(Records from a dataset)
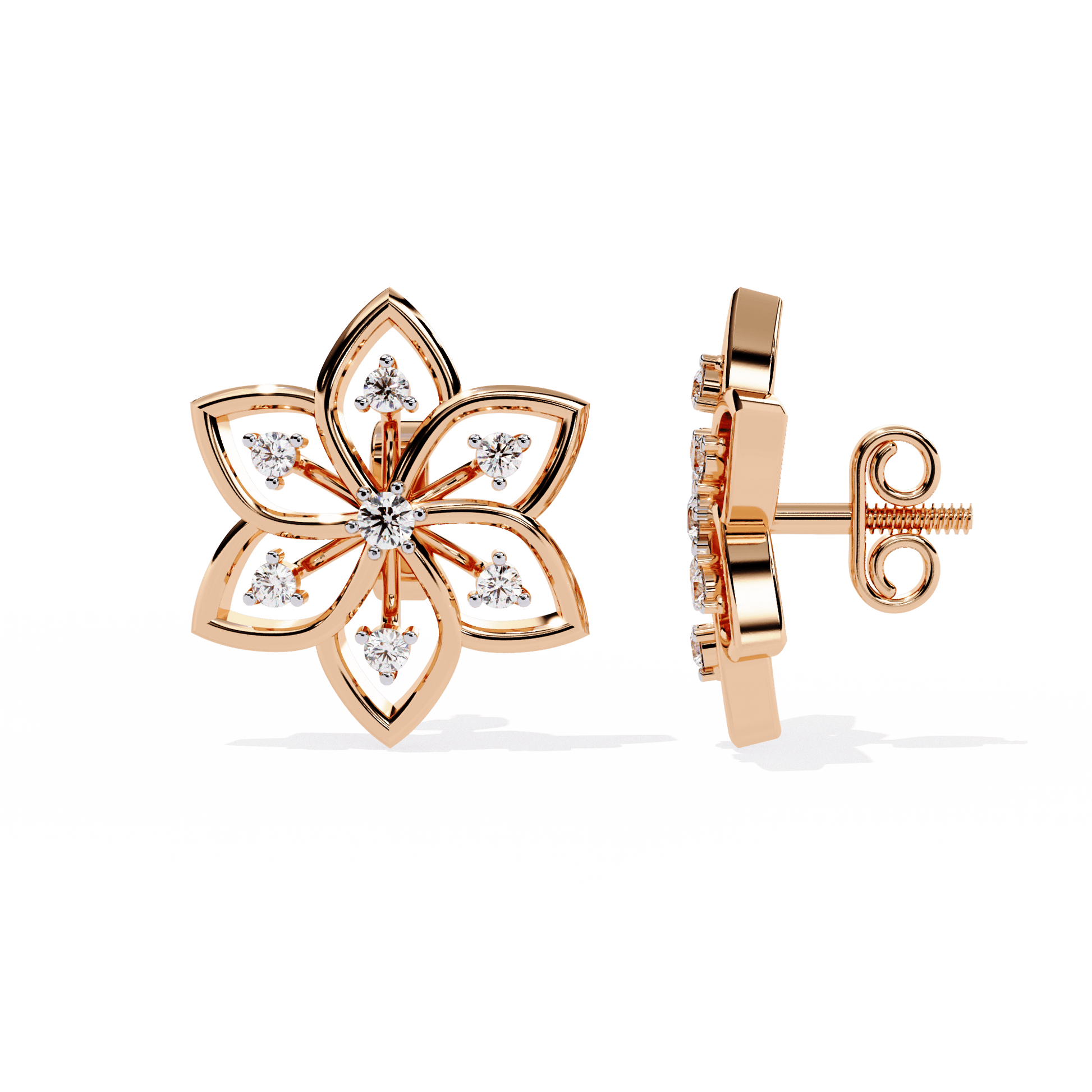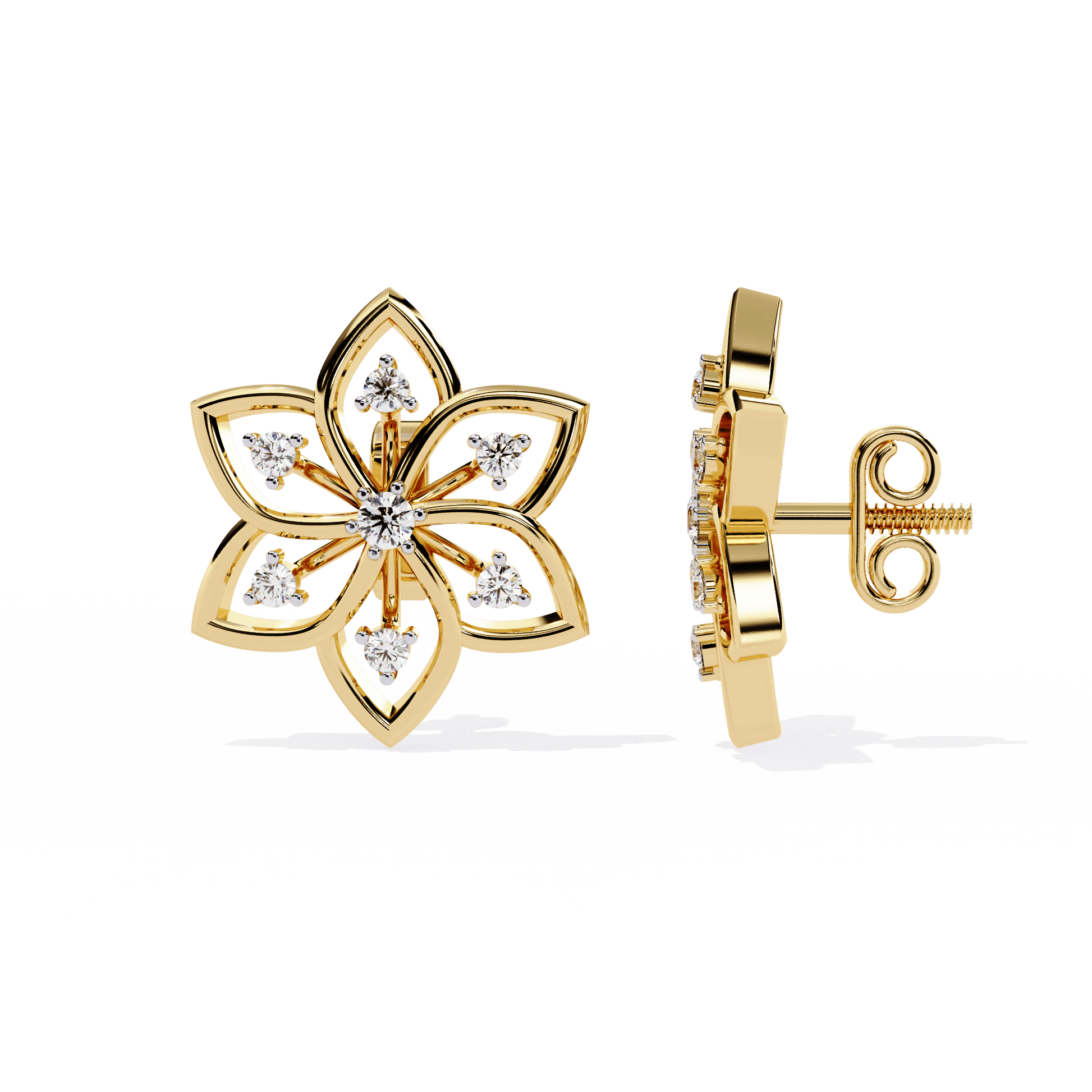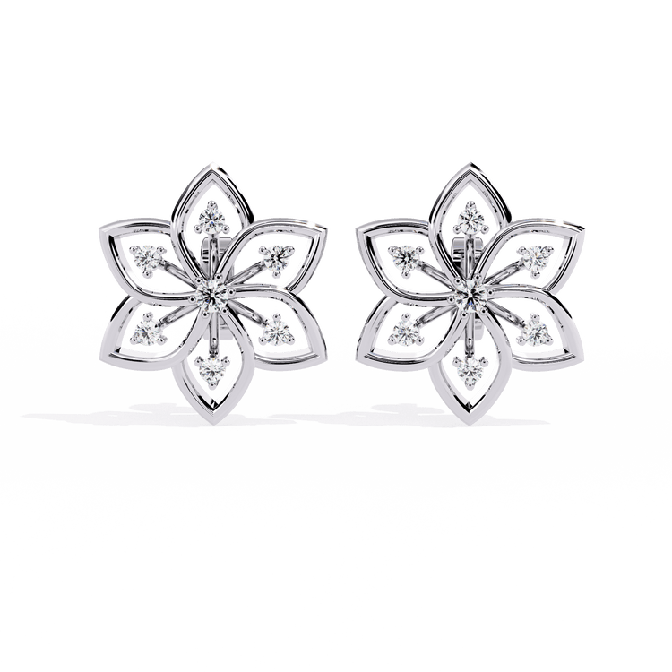Deanna captures the elegance of a perfectly formed bloom in full radiance. Each stud features six open petals sculpted in lustrous gold, fanning out from a brilliant round center stone. At the heart of every petal sits a single round-cut diamond, prong-set to echo the symmetry and refinement of the floral form. Deanna offers layered sparkle within a striking silhouette—graceful, luminous, and ideal for both festive occasions and polished daily wear.
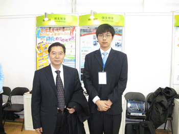 左起:王殿军校长、市教委副主任郑萼、副市长黄卫、承旭 王殿军校长与承旭同学在展台前合影
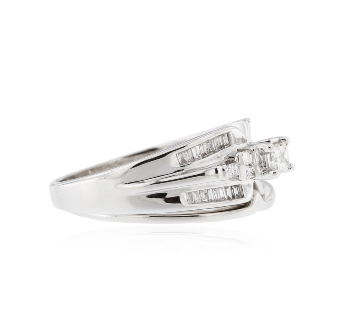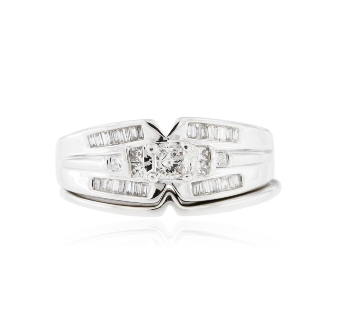 One wedding ring set featuring: 14KT white gold weighing 7.00 grams containing one center diamond with a total weight of 0.15ct and side diamonds with a total weight of 0.35ct.
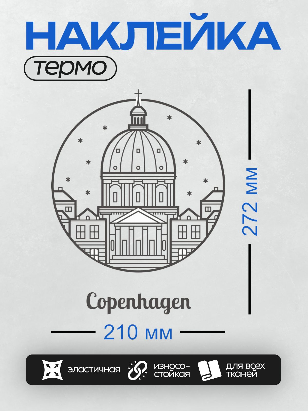 Дизайн: Церковь Фредерика в Копенгагене, стилизованный рисунок. — идеально подходит для декора и восстановления одежды.
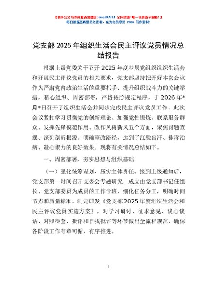 / 党支部2025年组织生活会民主评议党员情况总结报告
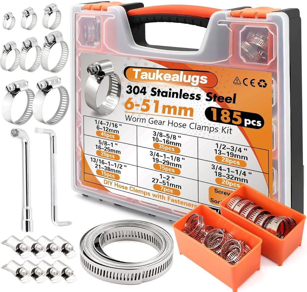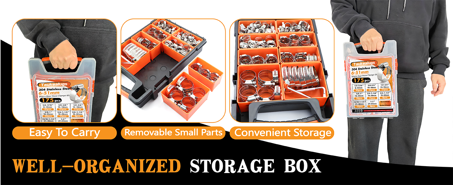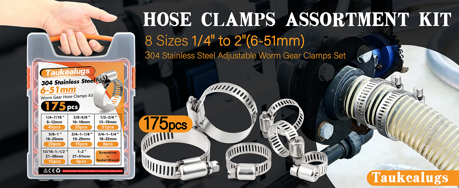 [One Kit for Every Job:175 Pcs of Durable 304 Stainless Steel]Our hefty 1/4”-2”(6-51mm) work range clamps set ensures you're always prepared. Every clamp is crafted from heavy-duty 304 stainless steel, guaranteeing a long-lasting, rust-resistant solution for any task, offering tremendous value
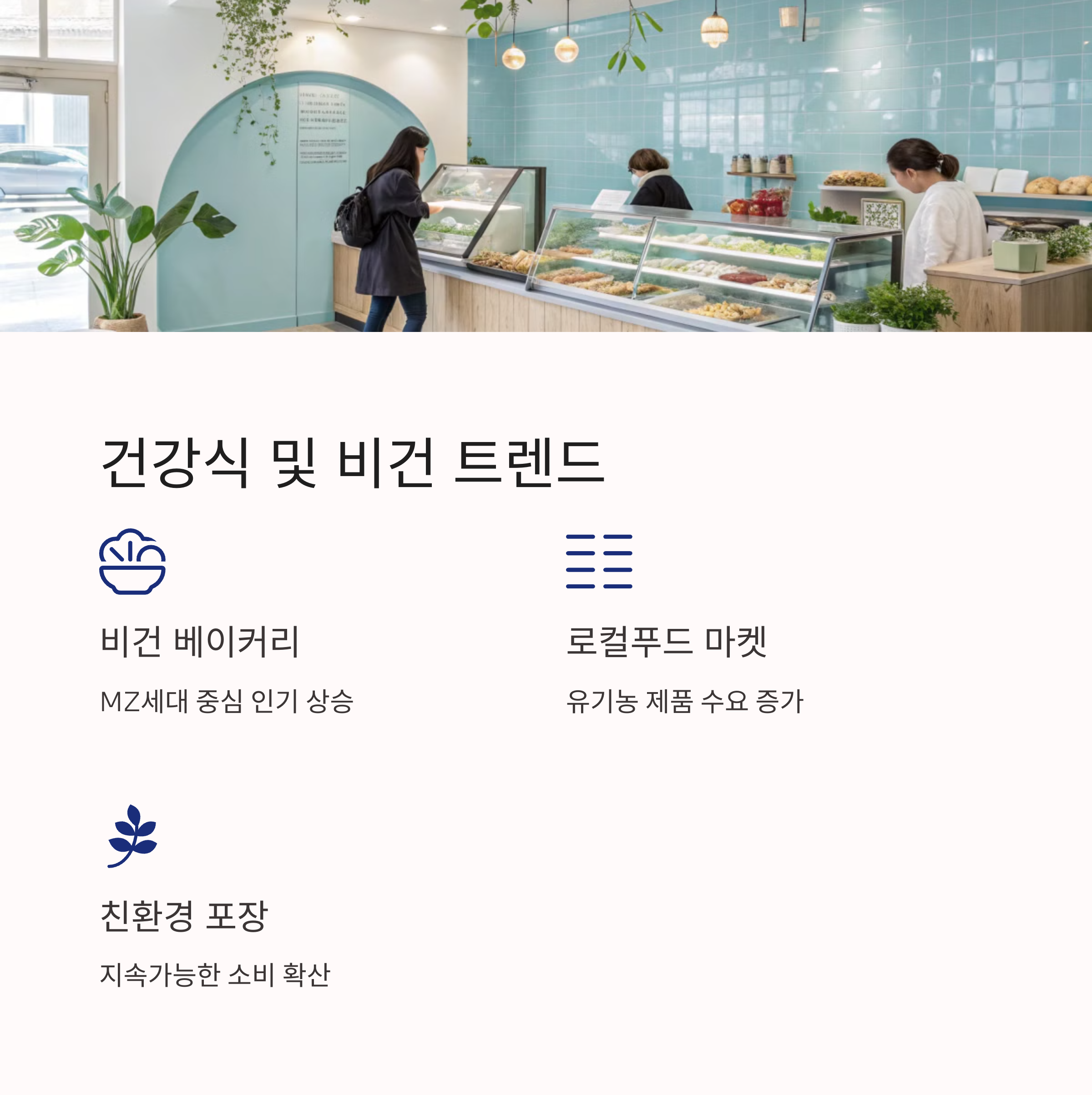 건강과 웰빙을 중시하는 소비자들이 늘어나면서 건강식, 유기농 제품, 비건 전문점 등이 인기를 끌고 있습니다. 특히, MZ세대를 중심으로 비건 카페, 친환경 식품에 대한 관심이 높아지고 있어 관련 창업이 활발하게 이루어지고 있습니다.
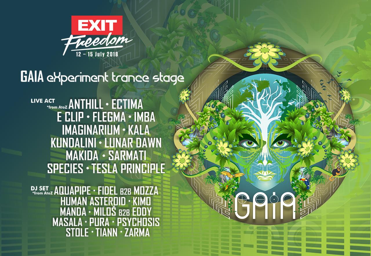 Pojam “gaia” na starogrčkom znači “zemlja” i prikladan je naziv za ovu binu u okviru EXIT Freedom poduhvata, jer srž psy-trance pokreta je ideja da jedina stvar koje čovečanstvo ne sme da zaboravi, kao deo planete Zemlje, jeste da čini zajednicu koja ima obavezu da čuva tu istu Zemlju, kao što je ona čuvala njih dok smo odrastali. Ideja slobode prožima se kroz sve kutke, tunele i rovove EXIT festivala, te će i ekipa zadužena za vrhunski provod na Gaia Experiment Trance bini, nadahnuta pravim vrednostima, publici pružiti impresivni psy-trance show i usput predstaviti fenomenalne inostrane i domaće umetnike audio-vizuelne radinosti.
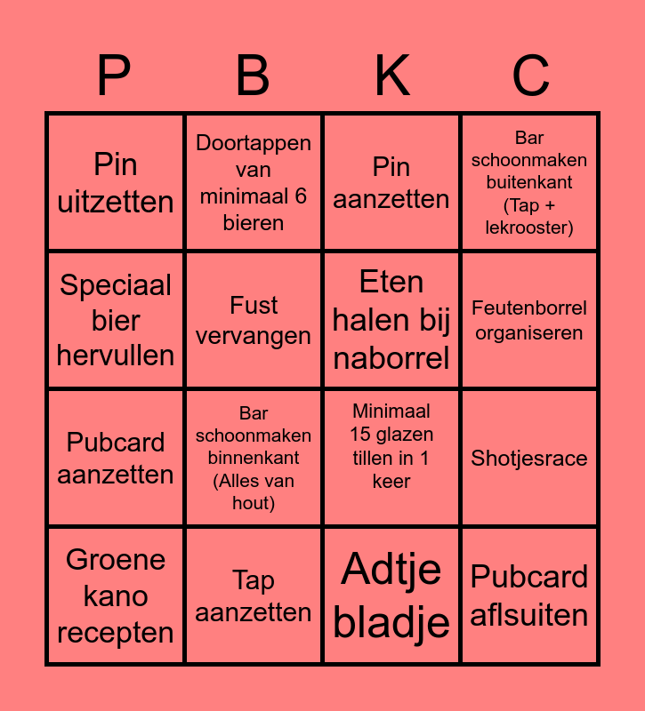This bingo card has 16 words: Tap aanzetten, Shotjesrace, Pin aanzetten, Pin uitzetten, Pubcard aanzetten, Doortappen van minimaal 6 bieren, Minimaal 15 glazen tillen in 1 keer, Adtje bladje, Speciaal bier hervullen, Fust vervangen, Groene kano recepten, Bar schoonmaken buitenkant (Tap + lekrooster), Bar schoonmaken binnenkant (Alles van hout), Feutenborrel organiseren, Eten halen bij naborrel and Pubcard aflsuiten.

▶ [EXERCISE DIRECTIONS] Make an exact copy of the records, pictures excluded.

▶ [OUTPUT FOR THIS TASK]
Deanna captures the elegance of a perfectly formed bloom in full radiance. Each stud features six open petals sculpted in lustrous gold, fanning out from a brilliant round center stone. At the heart of every petal sits a single round-cut diamond, prong-set to echo the symmetry and refinement of the floral form. Deanna offers layered sparkle within a striking silhouette—graceful, luminous, and ideal for both festive occasions and polished daily wear.
 左起:王殿军校长、市教委副主任郑萼、副市长黄卫、承旭 王殿军校长与承旭同学在展台前合影
 One wedding ring set featuring: 14KT white gold weighing 7.00 grams containing one center diamond with a total weight of 0.15ct and side diamonds with a total weight of 0.35ct.
 Дизайн: Церковь Фредерика в Копенгагене, стилизованный рисунок. — идеально подходит для декора и восстановления одежды.
 / 党支部2025年组织生活会民主评议党员情况总结报告
 [One Kit for Every Job:175 Pcs of Durable 304 Stainless Steel]Our hefty 1/4”-2”(6-51mm) work range clamps set ensures you're always prepared. Every clamp is crafted from heavy-duty 304 stainless steel, guaranteeing a long-lasting, rust-resistant solution for any task, offering tremendous value
 건강과 웰빙을 중시하는 소비자들이 늘어나면서 건강식, 유기농 제품, 비건 전문점 등이 인기를 끌고 있습니다. 특히, MZ세대를 중심으로 비건 카페, 친환경 식품에 대한 관심이 높아지고 있어 관련 창업이 활발하게 이루어지고 있습니다.
 Pojam “gaia” na starogrčkom znači “zemlja” i prikladan je naziv za ovu binu u okviru EXIT Freedom poduhvata, jer srž psy-trance pokreta je ideja da jedina stvar koje čovečanstvo ne sme da zaboravi, kao deo planete Zemlje, jeste da čini zajednicu koja ima obavezu da čuva tu istu Zemlju, kao što je ona čuvala njih dok smo odrastali. Ideja slobode prožima se kroz sve kutke, tunele i rovove EXIT festivala, te će i ekipa zadužena za vrhunski provod na Gaia Experiment Trance bini, nadahnuta pravim vrednostima, publici pružiti impresivni psy-trance show i usput predstaviti fenomenalne inostrane i domaće umetnike audio-vizuelne radinosti.
This bingo card has 16 words: Tap aanzetten, Shotjesrace, Pin aanzetten, Pin uitzetten, Pubcard aanzetten, Doortappen van minimaal 6 bieren, Minimaal 15 glazen tillen in 1 keer, Adtje bladje, Speciaal bier hervullen, Fust vervangen, Groene kano recepten, Bar schoonmaken buitenkant (Tap + lekrooster), Bar schoonmaken binnenkant (Alles van hout), Feutenborrel organiseren, Eten halen bij naborrel and Pubcard aflsuiten.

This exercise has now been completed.